[Source data]
*** Begin section ***

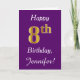 This simple birthday card design features the message "Happy 8th Birthday", with the "8th" having a faux gold-like appearance. It also features a custom name, and a purple background. It could be given to somebody who is celebrating their eighth birthday.
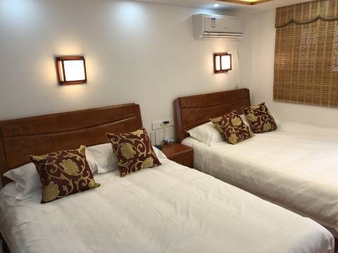 老板很热心也很热情,每个顾客都会接。我本来一个人住,老板还给我了一个很大的双床房。
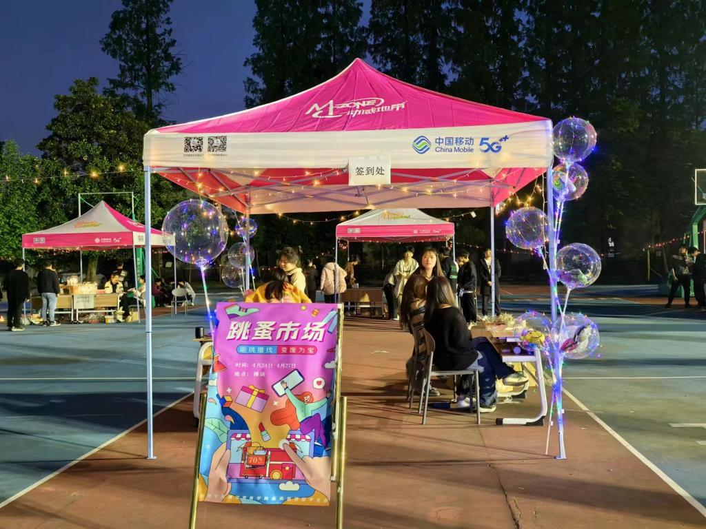 为丰富学生的日常生活,增强学生的市场经营体验,提升勤俭节约和自主创业意识,台州学院继续教育学院应用型培养项目秉承“节俭断舍离,绿色再循环”的理念,于2023年4月26日在广文校区操场举办跳蚤市场活动。本次活动采取线上组队报名、线下摆摊交易的方式,让学生在活动现场售卖各种经过Diy变废为宝的生活物品、自制小零食等。
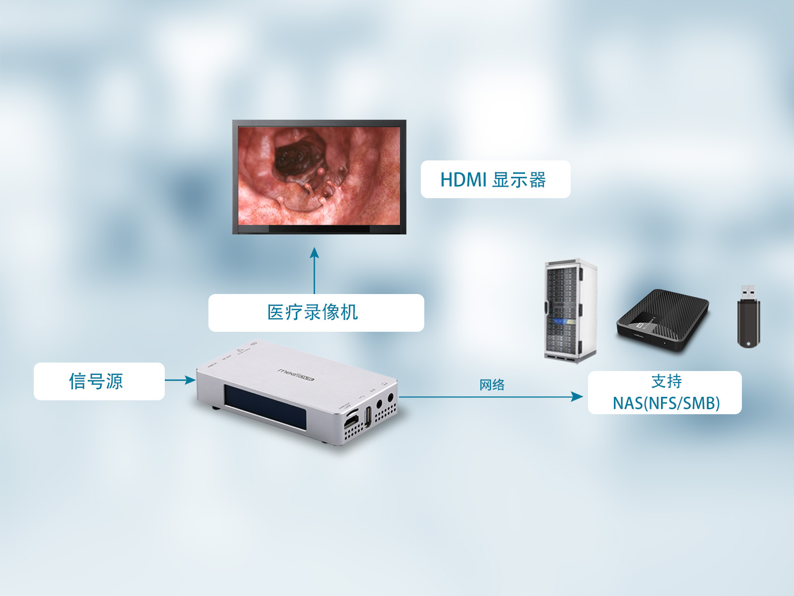 MediDVR,MD3可以無縫地從各種醫(yī)療設(shè)備(如內(nèi)窺鏡、關(guān)節(jié)鏡、手術(shù)攝像頭和超聲波機)中捕獲高清的HDMI 4K視頻。將非常清晰的靜態(tài)圖像和視頻輕松保存到外部USB硬盤驅(qū)動器、USB閃存驅(qū)動器或NAS。通過NAS, MediDVR, MD3可以將最高質(zhì)量的視頻錄像存儲數(shù)月甚至更長時間。
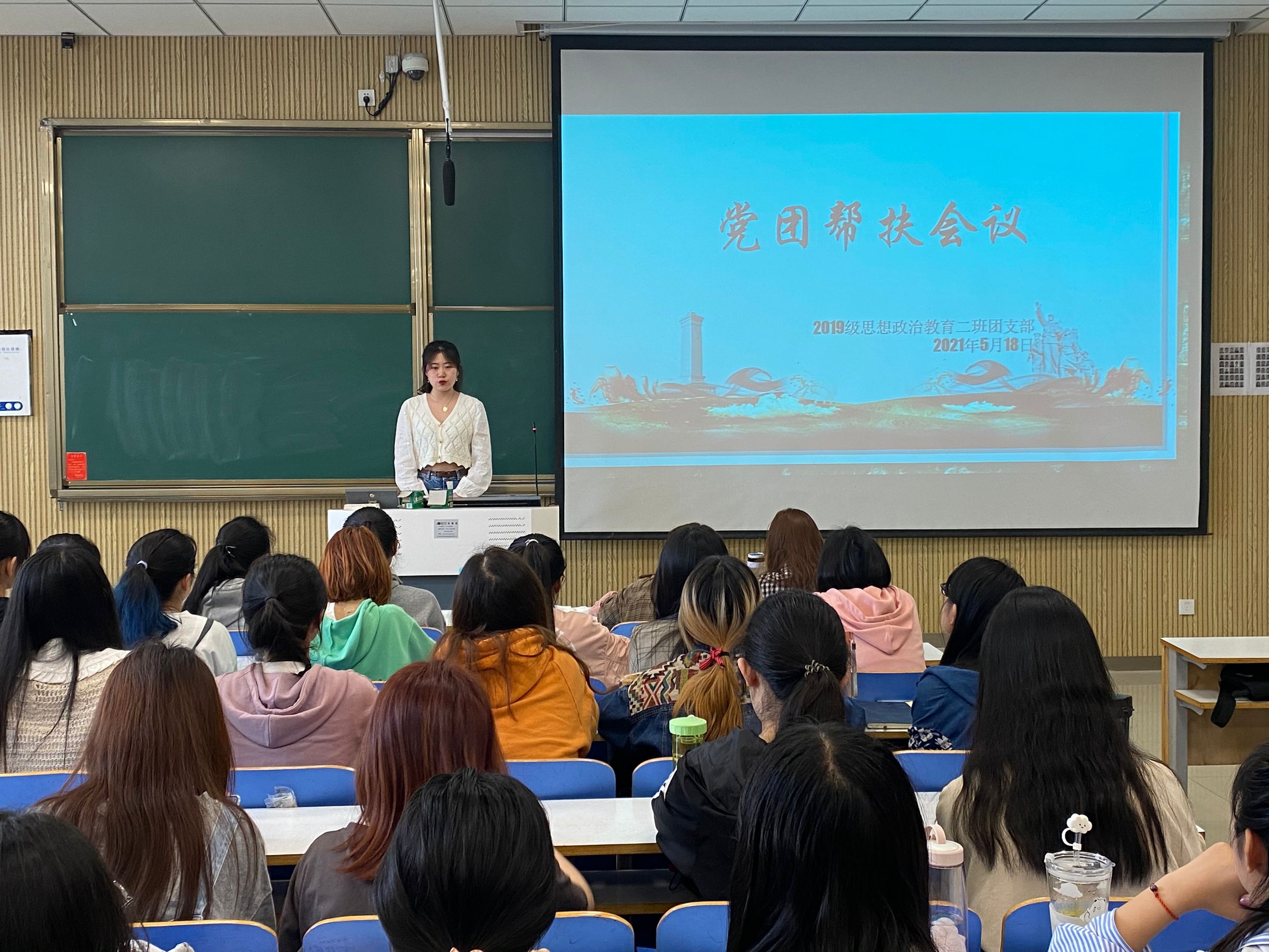 5月18日上午,金年会jinnianhuicom2019级思想政治教育二班于社科楼515教室顺利开展党团帮扶活动。金年会官网预备党员姜雨杭及我班全体成员共同参加了本次活动。活动由团支书孙雅娴主持。
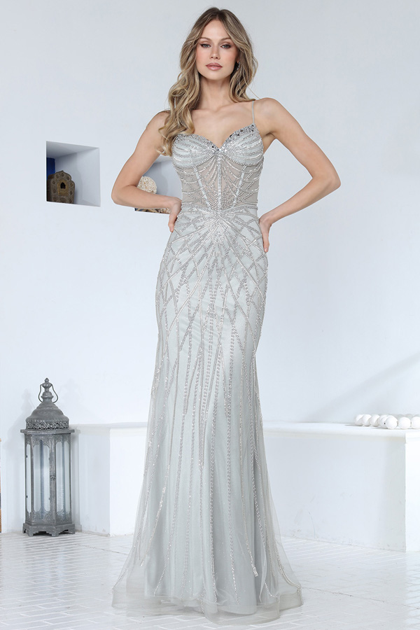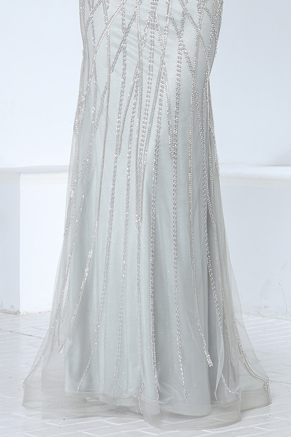 Color: SILVER Size:- Geometric Beaded Mesh Corset Gown
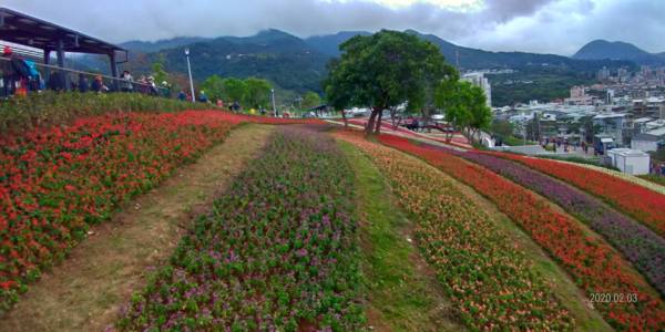 下車就在馬路對面斜坡上,從路邊一朵花都看不到,但是你若直接爬上樓梯,或者順著斜坡無障礙步道走上去,七彩繽紛、琳瑯滿目的花海會讓人目不暇己、目瞪口呆,數大便是美,無論你從哪個角度拍都漂亮,背景青山入鏡又更有立體感,再換個角度,山下高樓大廈也入鏡,更顯示出都市之美。
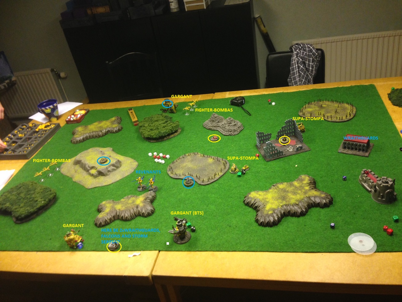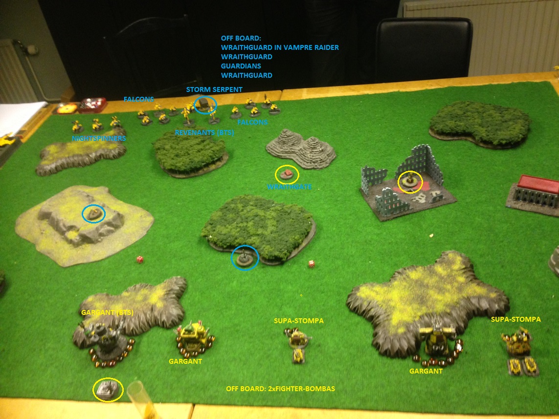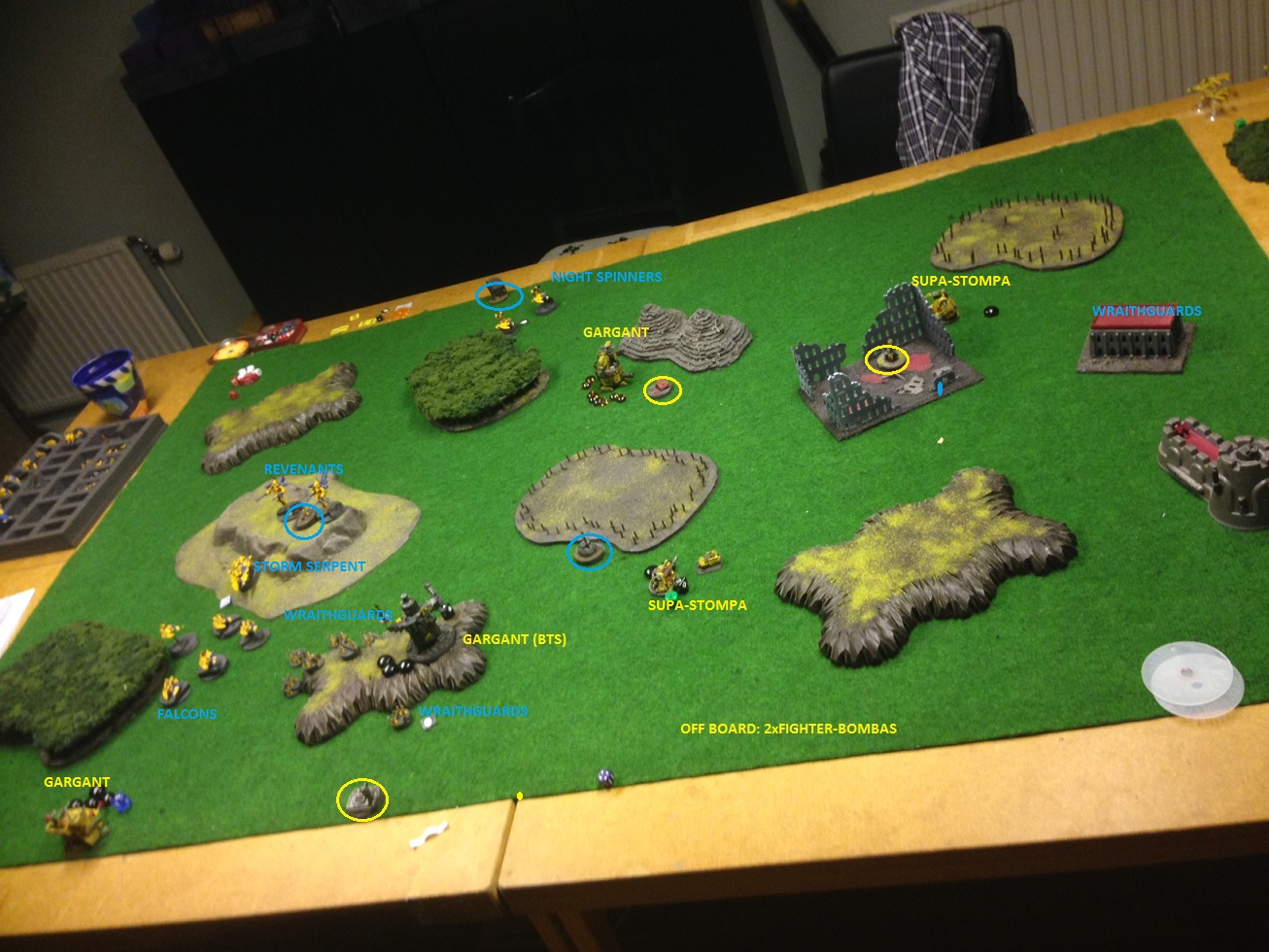 TURN 1: Iyanden wins initiative and elects to let the Gargants go first.
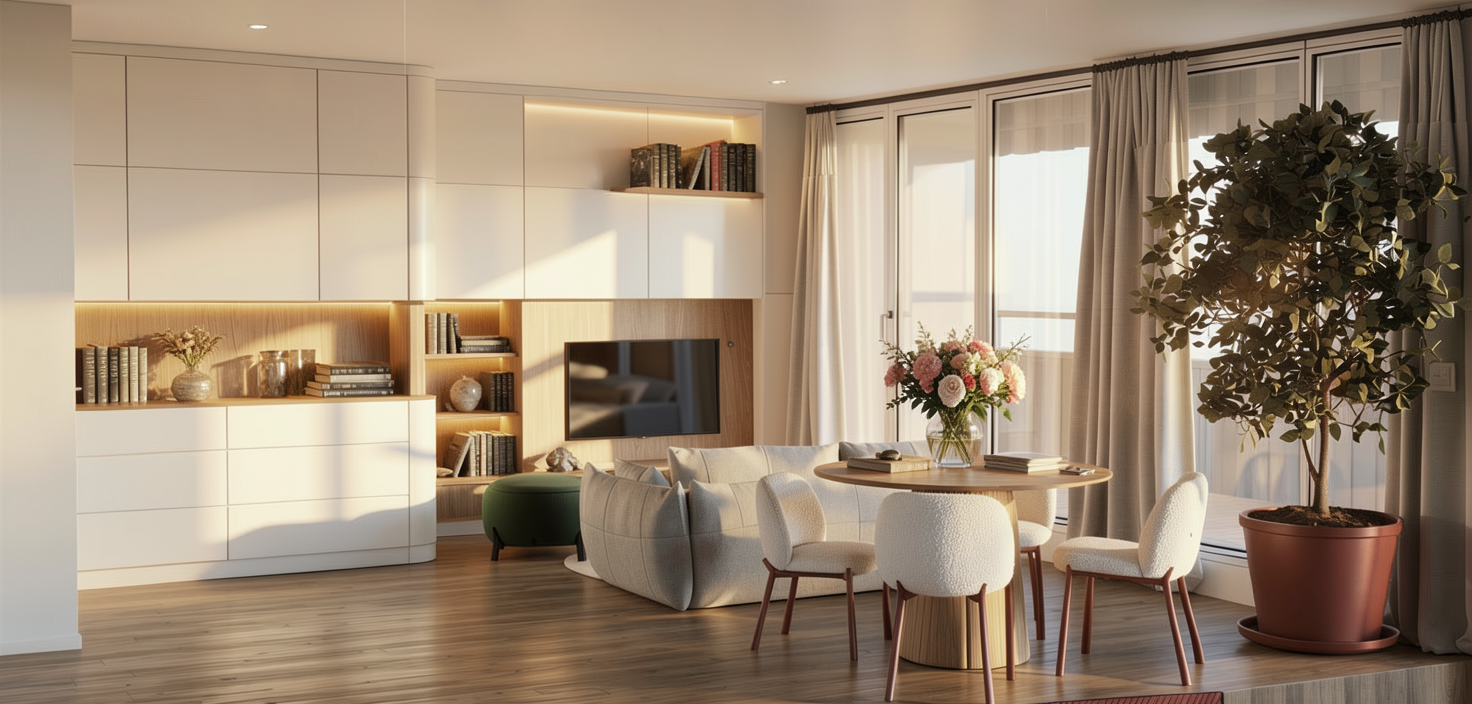 exterior shot can you add the painting from the second image to the back wall the darker one on right of the 3d model from the first image as if it were wallpaper don t decorate the space keep it the same also add on the middle wall decorative vertical wood wall panel in light oak
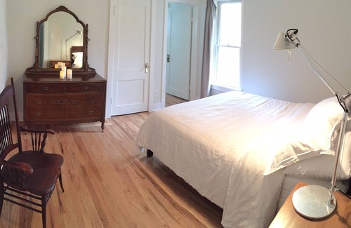 Arriba hay un dormitorio con una cama queen y una cama individual y un baño privado completo contiguo adicional con ducha.
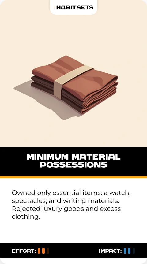 Owned only essential items: a watch, spectacles, and writing materials. Rejected luxury goods and excess clothing.
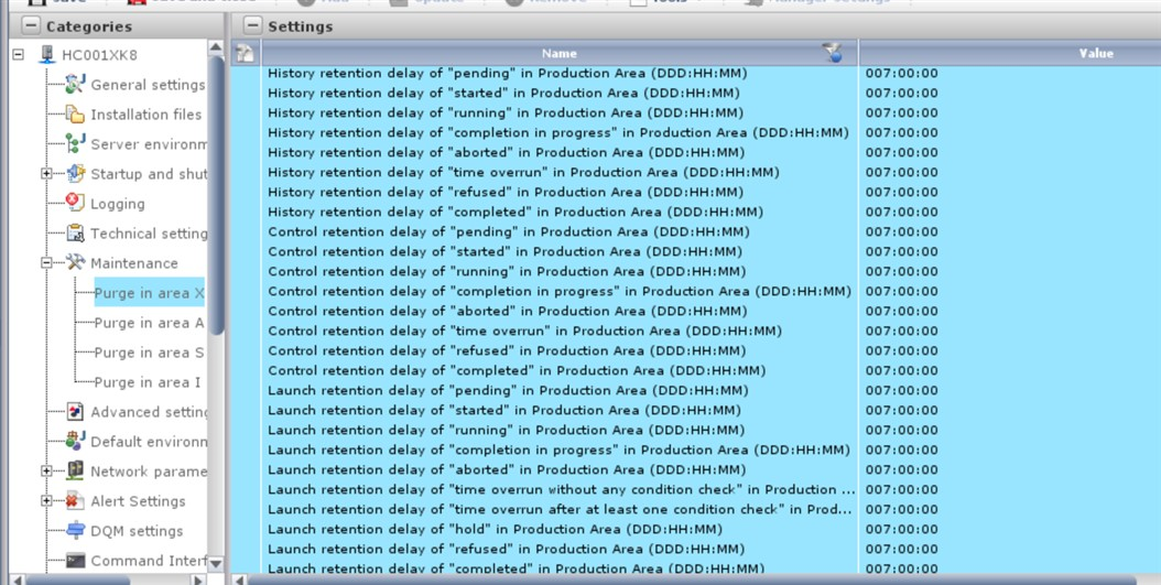 Be advised that increasing the default retention will make the data files to grow in size which will slow-down the performances of the Dollar Universe Node during regular operations as Launches / Maintenance and so on.
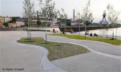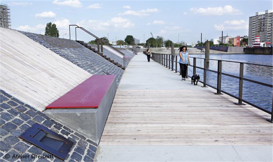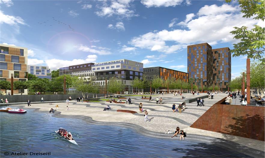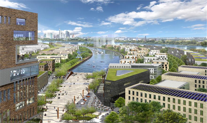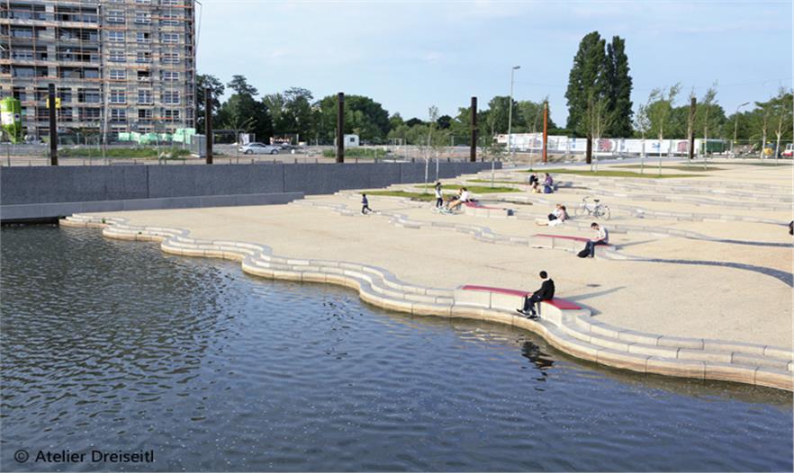 An industrial peninsular on the River Main is being converted into a new sustainable city district. The “harbour” forms the new urban focus with varied access to the water and multifunctional urban space. A promenade network connects the water to the more densely build-up area on one hand and to the new local park and regional river path beyond. In the challenging environment of contaminated soil, a holistic stormwater management concept has been developed to create soft city spaces and streetscapes while retaining and cleansing stormwater before releasing it to the river and harbour. Innovative natural water treatment systems such as cleansing biotopes are integrated into the park spaces, and new natural habitats are created for riparian flora and fauna whilst proving refreshing green oasis for the city. This project is a pragmatic vision for how climate adaptation can be achieved in urban context creating attractive neighbourhoods through integrated engineering. The project has prequalified for the prestigious DGNB Gold for a sustainable city district, comparable to a LEEDS Platinum rating, a European first.

*** End section ***

### [Problem details]
Copy all of the data word for word, and keep the pictures out of it.

### [Result]
 This simple birthday card design features the message "Happy 8th Birthday", with the "8th" having a faux gold-like appearance. It also features a custom name, and a purple background. It could be given to somebody who is celebrating their eighth birthday.
 老板很热心也很热情,每个顾客都会接。我本来一个人住,老板还给我了一个很大的双床房。
 为丰富学生的日常生活,增强学生的市场经营体验,提升勤俭节约和自主创业意识,台州学院继续教育学院应用型培养项目秉承“节俭断舍离,绿色再循环”的理念,于2023年4月26日在广文校区操场举办跳蚤市场活动。本次活动采取线上组队报名、线下摆摊交易的方式,让学生在活动现场售卖各种经过Diy变废为宝的生活物品、自制小零食等。
 MediDVR,MD3可以無縫地從各種醫(yī)療設(shè)備(如內(nèi)窺鏡、關(guān)節(jié)鏡、手術(shù)攝像頭和超聲波機)中捕獲高清的HDMI 4K視頻。將非常清晰的靜態(tài)圖像和視頻輕松保存到外部USB硬盤驅(qū)動器、USB閃存驅(qū)動器或NAS。通過NAS, MediDVR, MD3可以將最高質(zhì)量的視頻錄像存儲數(shù)月甚至更長時間。
 5月18日上午,金年会jinnianhuicom2019级思想政治教育二班于社科楼515教室顺利开展党团帮扶活动。金年会官网预备党员姜雨杭及我班全体成员共同参加了本次活动。活动由团支书孙雅娴主持。
 Color: SILVER Size:- Geometric Beaded Mesh Corset Gown
 下車就在馬路對面斜坡上,從路邊一朵花都看不到,但是你若直接爬上樓梯,或者順著斜坡無障礙步道走上去,七彩繽紛、琳瑯滿目的花海會讓人目不暇己、目瞪口呆,數大便是美,無論你從哪個角度拍都漂亮,背景青山入鏡又更有立體感,再換個角度,山下高樓大廈也入鏡,更顯示出都市之美。
 TURN 1: Iyanden wins initiative and elects to let the Gargants go first.
 exterior shot can you add the painting from the second image to the back wall the darker one on right of the 3d model from the first image as if it were wallpaper don t decorate the space keep it the same also add on the middle wall decorative vertical wood wall panel in light oak
 Arriba hay un dormitorio con una cama queen y una cama individual y un baño privado completo contiguo adicional con ducha.
 Owned only essential items: a watch, spectacles, and writing materials. Rejected luxury goods and excess clothing.
 Be advised that increasing the default retention will make the data files to grow in size which will slow-down the performances of the Dollar Universe Node during regular operations as Launches / Maintenance and so on.
 An industrial peninsular on the River Main is being converted into a new sustainable city district. The “harbour” forms the new urban focus with varied access to the water and multifunctional urban space. A promenade network connects the water to the more densely build-up area on one hand and to the new local park and regional river path beyond. In the challenging environment of contaminated soil, a holistic stormwater management concept has been developed to create soft city spaces and streetscapes while retaining and cleansing stormwater before releasing it to the river and harbour. Innovative natural water treatment systems such as cleansing biotopes are integrated into the park spaces, and new natural habitats are created for riparian flora and fauna whilst proving refreshing green oasis for the city. This project is a pragmatic vision for how climate adaptation can be achieved in urban context creating attractive neighbourhoods through integrated engineering. The project has prequalified for the prestigious DGNB Gold for a sustainable city district, comparable to a LEEDS Platinum rating, a European first.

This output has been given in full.